Trump doesn’t really believe in institutions or rules. He doesn’t like the Foreign Corrupt Practices Act because he thinks it’s inconvenient not to be able to bribe foreign officials. He doesn’t see any reason a president shouldn’t try to get the FBI director to stop an investigation into one of his close associates. He took the position that the pledge obligating Republican presidential candidates to support the party’s eventual nominee was binding if he was the nominee and optional if somebody else was the nominee.
So why would Trump care about an abstract concept like “the United States should resist foreign interference in our elections?”
Instead of heeding rules and institutions, Trump follows a simple principle of his own: Things that are good for Trump are good, and things that are bad for Trump are bad.
So, leaning on the FBI director is definitely bad if you’re doing it to benefit one of Trump’s political opponents, but it’s fine if you’re doing it to benefit one of his friends.

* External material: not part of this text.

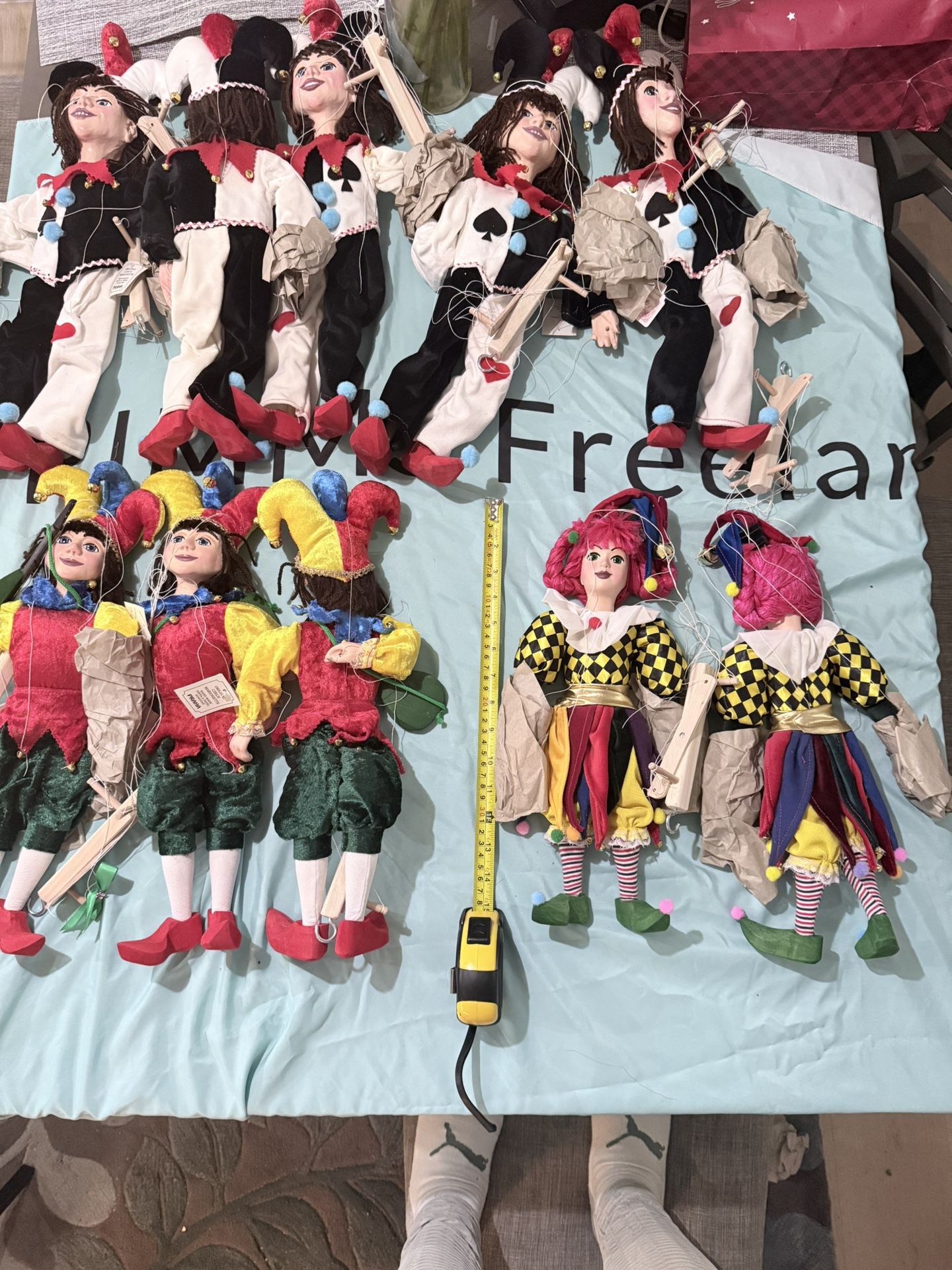 Original Czech Marionette Dolls. These are brand new and were only taken out of the box for photos. All puppets include the wooden control bars and string mechanisms, so they are fully usable (not just for display). ✨ Great for: Collectors • Décor • Theater & stage props • Puppet lovers • Resellers • Gifts 📌 Bundle Includes: • 10 marionette dolls total • Wooden controllers + strings included • Characters include jesters/harlequins in multiple costume designs (black/white jester set + colorful harlequin costumes) • Approx size: 18–19 inches tall (see tape measure in photos) • Some dolls have tags that say “Original Czech Marionette” ✅ Condition: • NEW / UNUSED • Only removed from packaging for pictures • Stored safely / clean condition • Strings are intact and ready to use

The GOP candidate pledge didn’t bind him because he had been treated “unfairly,” but once he won the nomination it was horrible that some of his defeated opponents wouldn’t endorse him.
Obviously, Trump would think foreign election interference was bad if the interference had been against him. But if the interference was for him? What’s wrong with that? Maybe that’s even a good thing.
Of course, it would be politically problematic for Trump to come out and say he doesn’t care if Putin interfered on his behalf. Acting like he’s not sure the Russians did anything gives him a pretext for his choice not to do anything to them in return.